Exercise: Everything in the entries below must be output exactly, apart from the pictures.

*** Block opens ***

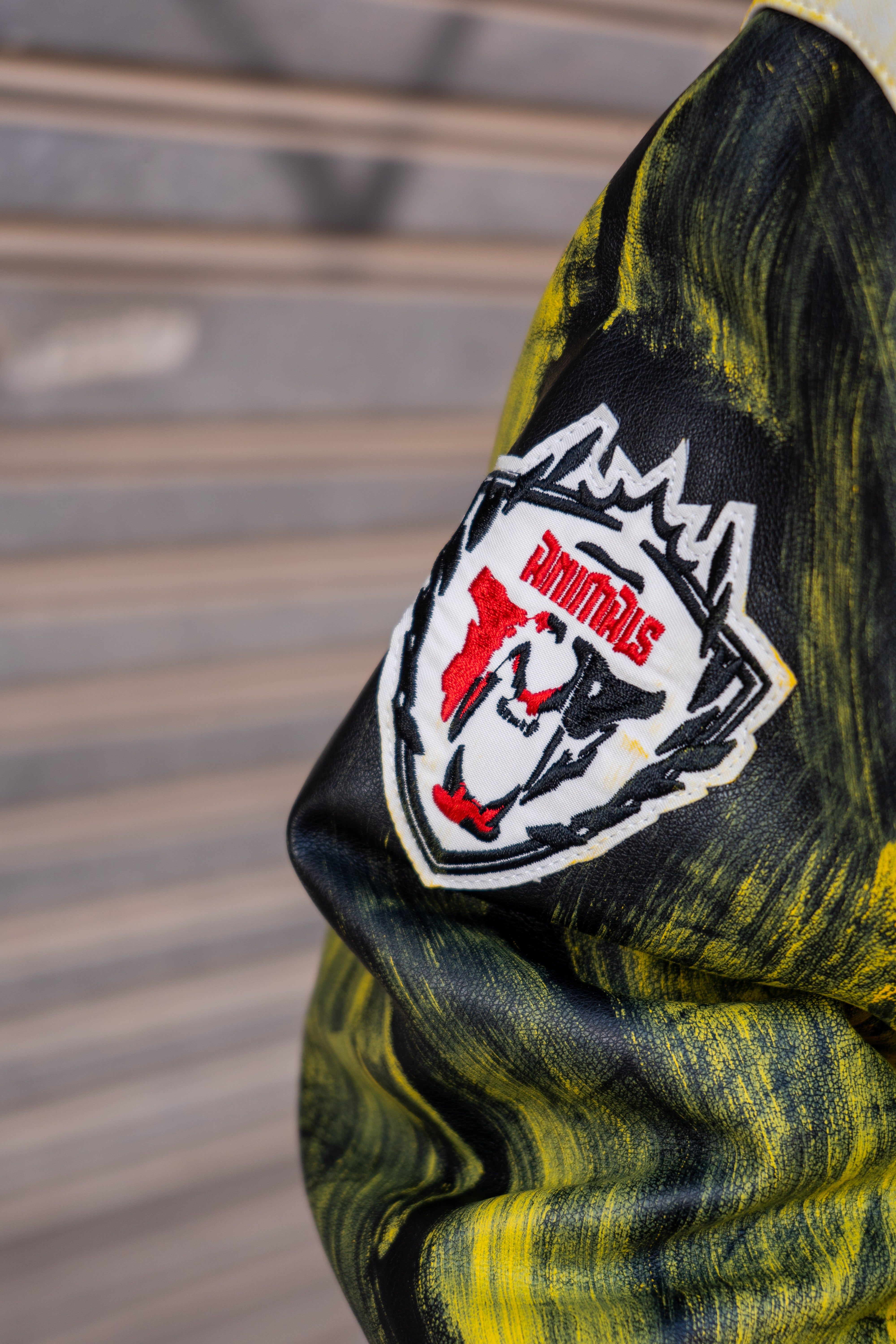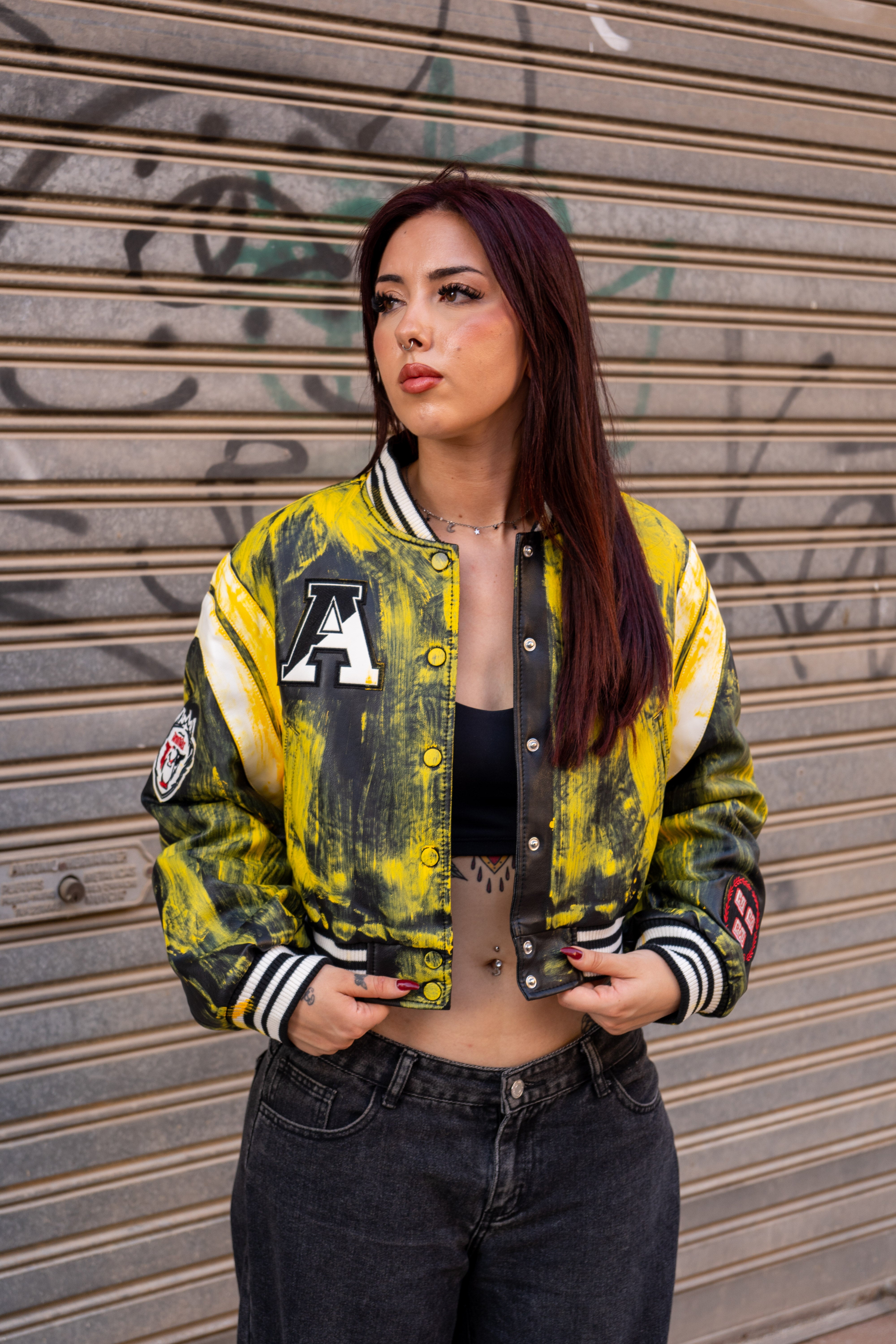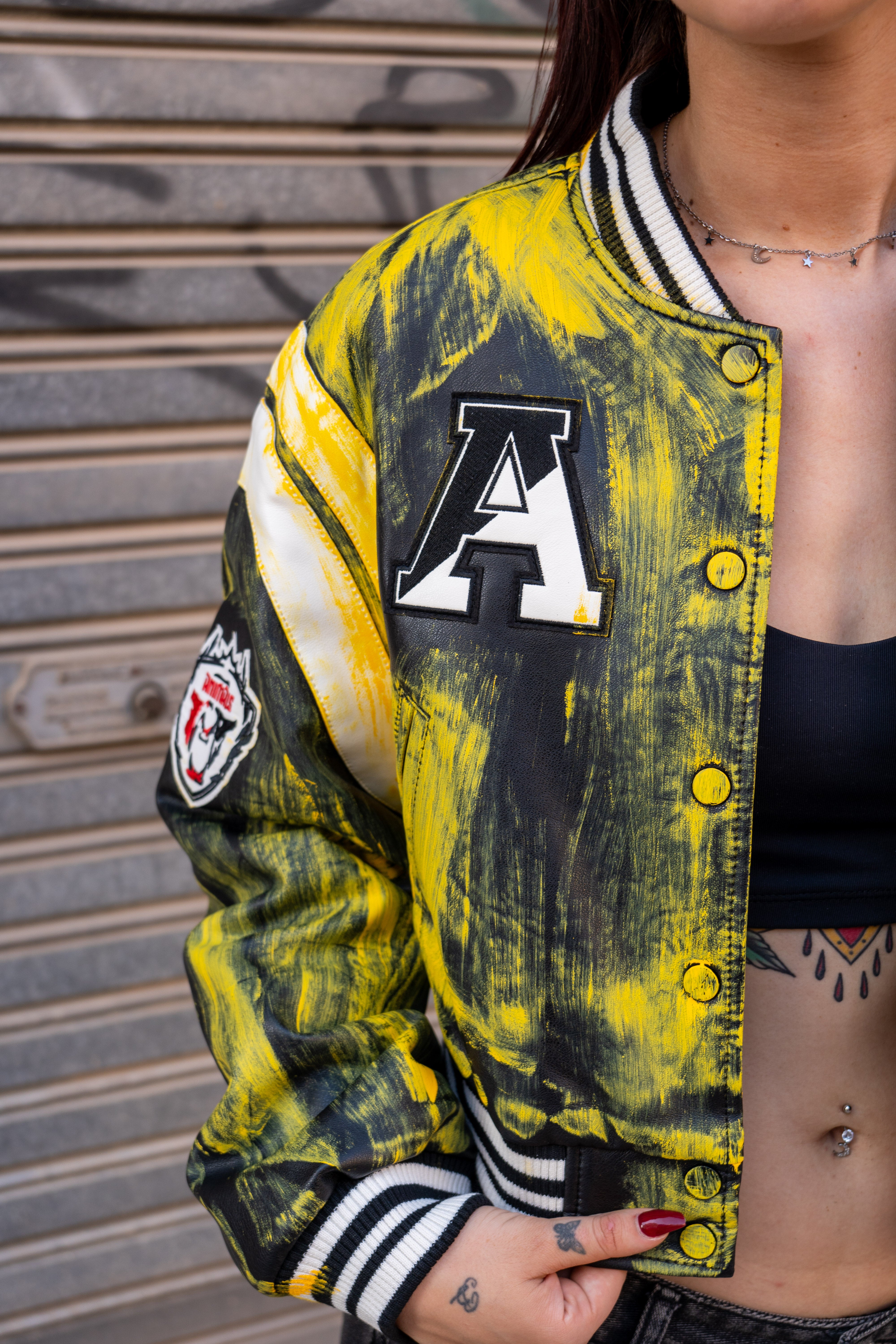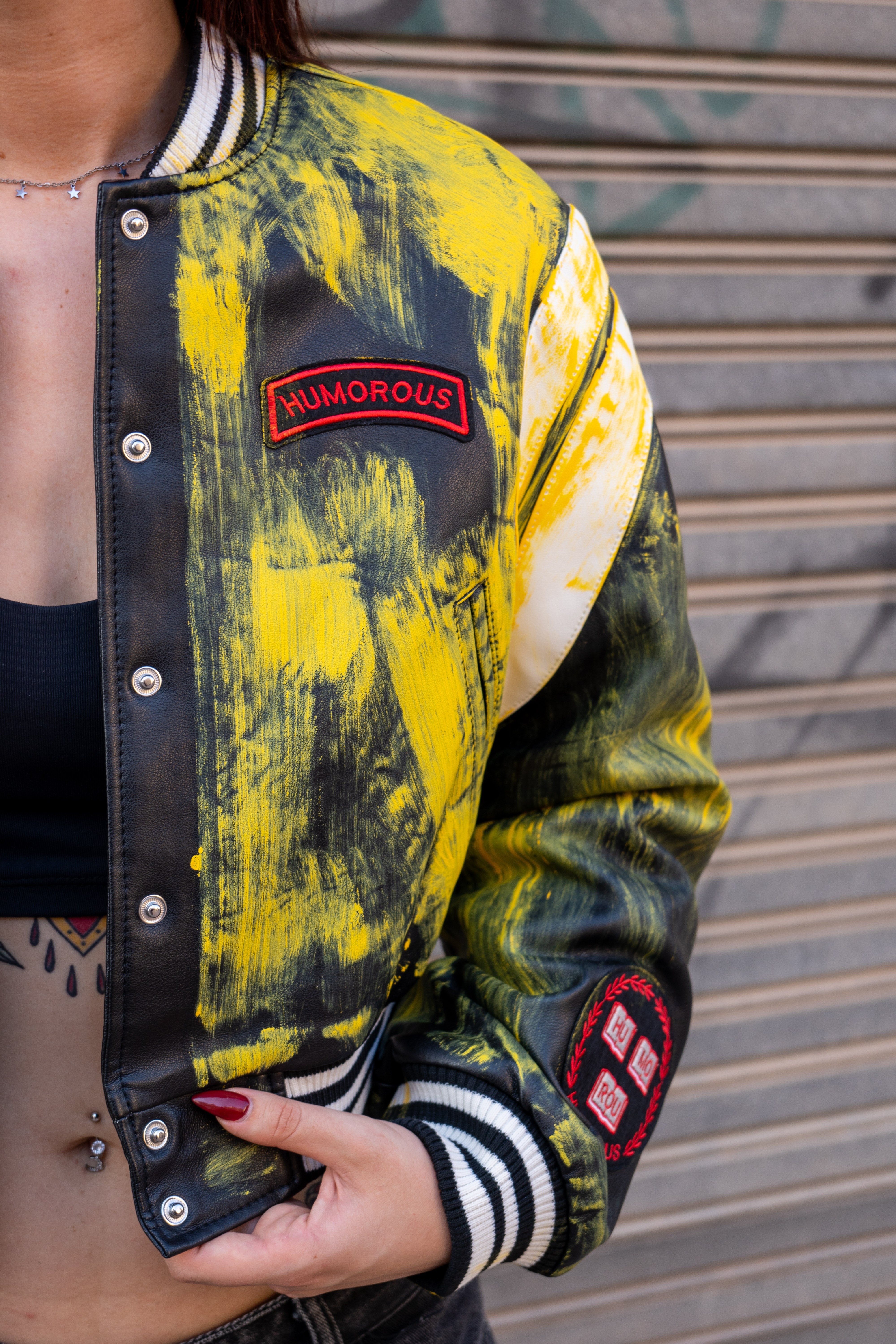 Chaqueta bomber unisex de piel sintética con pinceladas y parches bordados con la letra "A", la palabra "HUMOROUS" y la frase "HUMOROUS CRIMSON" en la espalda, junto con detalles a rayas blancas y negras en el cuello, los puños y la cintura.
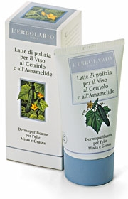 - Il secondo prodotto che ho testato è il Latte di pulizia per il viso al Cetriolo e all’Amamelide, specificatamente dermopurificante per pelle mista e grassa. Un latte detergente dolcissimo e cremoso, che rispetta il ph della pelle e la pulisce richiudendo i pori dilatati, dalla consistenza lattiginosa perfetta. E’ arricchito con Acqua distillata di Amamelide, conosciuta per le sue proprietà astringenti, ed estratto di Cetriolo, con caratteristiche rinfrescanti.
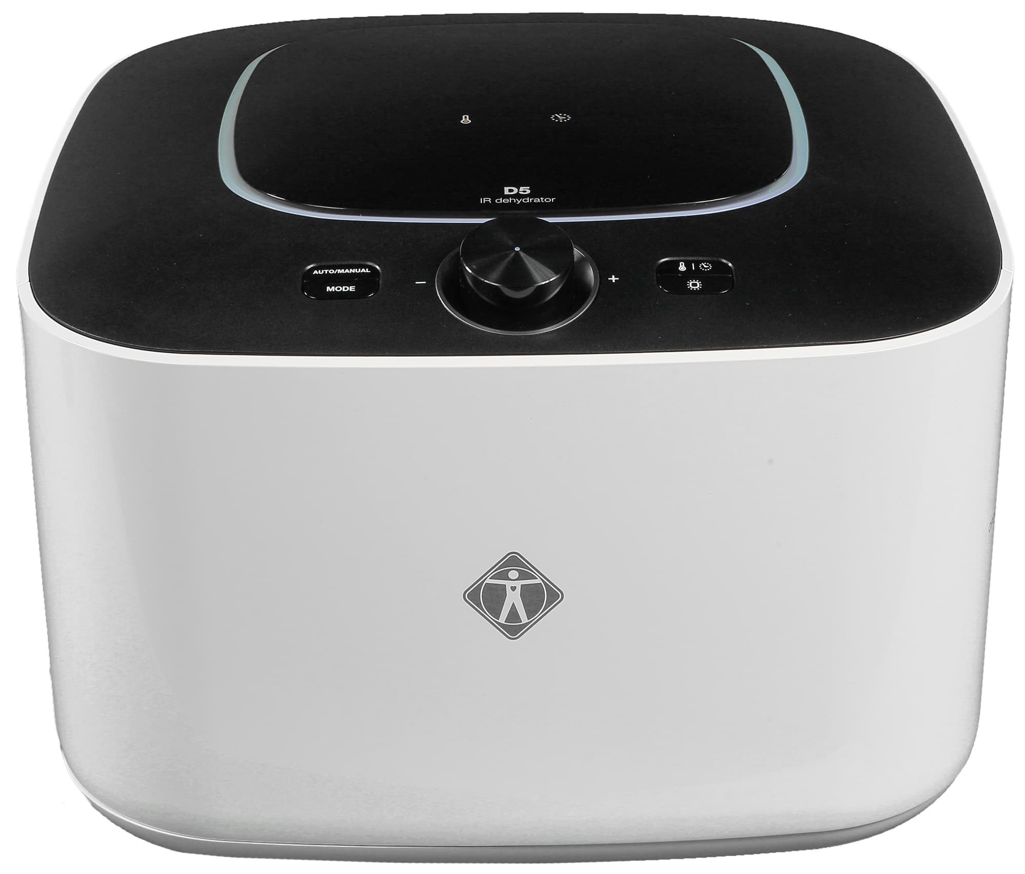 L’equip IR-D5, похоже, первый настолько «умный» дегидратор, попавший на тесты в лабораторию iXBT.com. Во-первых, в устройстве реализована функция автоматической сушки — решение настолько простое и гениальное, что непонятно, почему до сих пор мы не встречали прибора с такой функцией. В дегидратор встроены датчики влажности, по данным которых рассчитывается время окончания процесса тепловой обработки. По заявлению производителя, аппарат с помощью интеллектуальной системы управления способен определять не только время, но и температуру сушки. Процесс дегидрации прекращается, как только влажность воздуха в продукте понизится до предельных заложенных в программу значений.
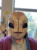 Owl mask made from EVA foam, foam clay, and black buckram.
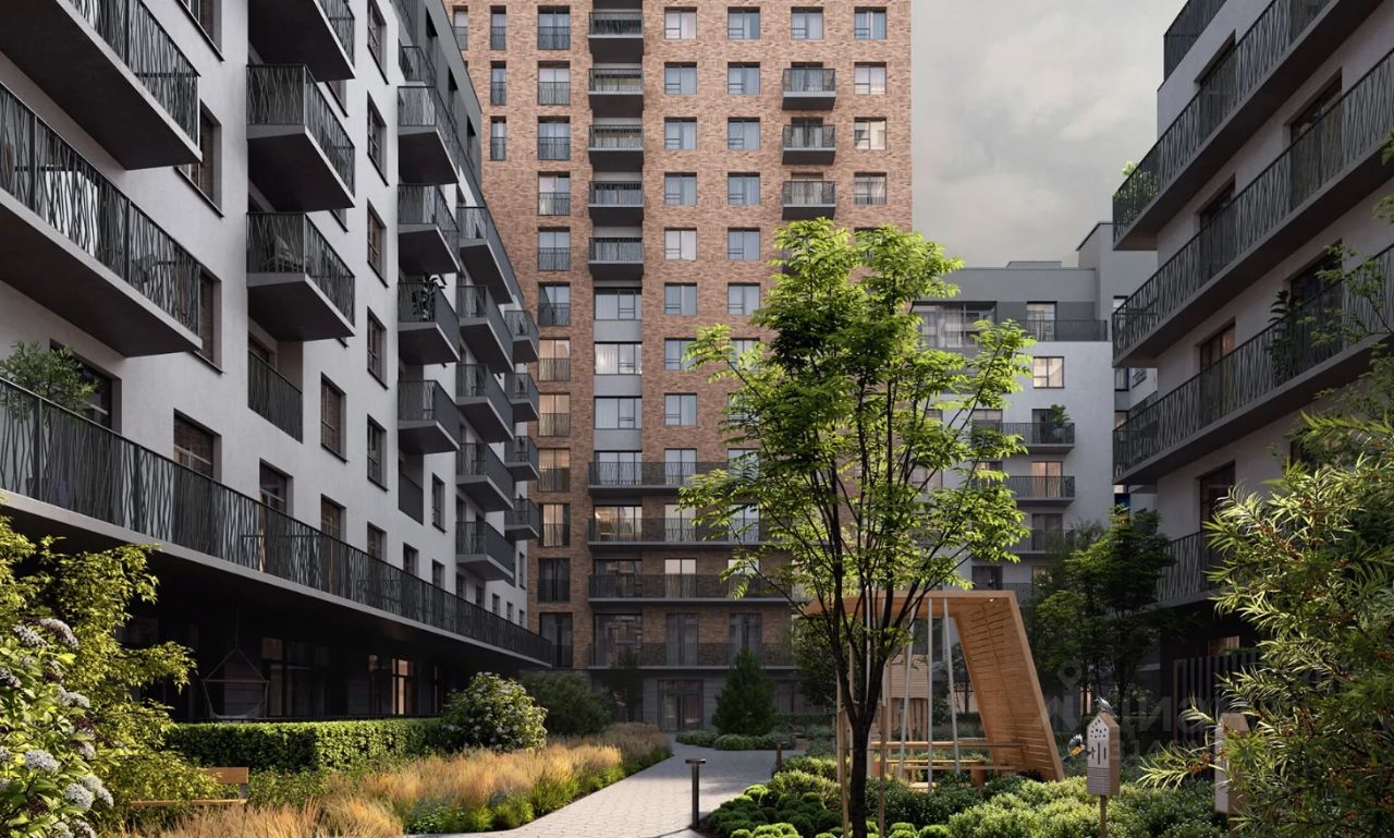 Во дворах микрорайона создано приватное пространство для жителей. Дворы имеют интенсивное озеленение и выполнены в концепции тихого сада с газоном, травами, деревьями и кустарниками. Деревья привезены из европейских питомников и высажены сразу большими. Установлены детские площадки, уличные тренажёры, спортивные корты, предусмотрены места для отдыха взрослых и прогулок.

*** Block closes ***

Exercise result:
 Chaqueta bomber unisex de piel sintética con pinceladas y parches bordados con la letra "A", la palabra "HUMOROUS" y la frase "HUMOROUS CRIMSON" en la espalda, junto con detalles a rayas blancas y negras en el cuello, los puños y la cintura.
 - Il secondo prodotto che ho testato è il Latte di pulizia per il viso al Cetriolo e all’Amamelide, specificatamente dermopurificante per pelle mista e grassa. Un latte detergente dolcissimo e cremoso, che rispetta il ph della pelle e la pulisce richiudendo i pori dilatati, dalla consistenza lattiginosa perfetta. E’ arricchito con Acqua distillata di Amamelide, conosciuta per le sue proprietà astringenti, ed estratto di Cetriolo, con caratteristiche rinfrescanti.
 L’equip IR-D5, похоже, первый настолько «умный» дегидратор, попавший на тесты в лабораторию iXBT.com. Во-первых, в устройстве реализована функция автоматической сушки — решение настолько простое и гениальное, что непонятно, почему до сих пор мы не встречали прибора с такой функцией. В дегидратор встроены датчики влажности, по данным которых рассчитывается время окончания процесса тепловой обработки. По заявлению производителя, аппарат с помощью интеллектуальной системы управления способен определять не только время, но и температуру сушки. Процесс дегидрации прекращается, как только влажность воздуха в продукте понизится до предельных заложенных в программу значений.
 Owl mask made from EVA foam, foam clay, and black buckram.
 Во дворах микрорайона создано приватное пространство для жителей. Дворы имеют интенсивное озеленение и выполнены в концепции тихого сада с газоном, травами, деревьями и кустарниками. Деревья привезены из европейских питомников и высажены сразу большими. Установлены детские площадки, уличные тренажёры, спортивные корты, предусмотрены места для отдыха взрослых и прогулок.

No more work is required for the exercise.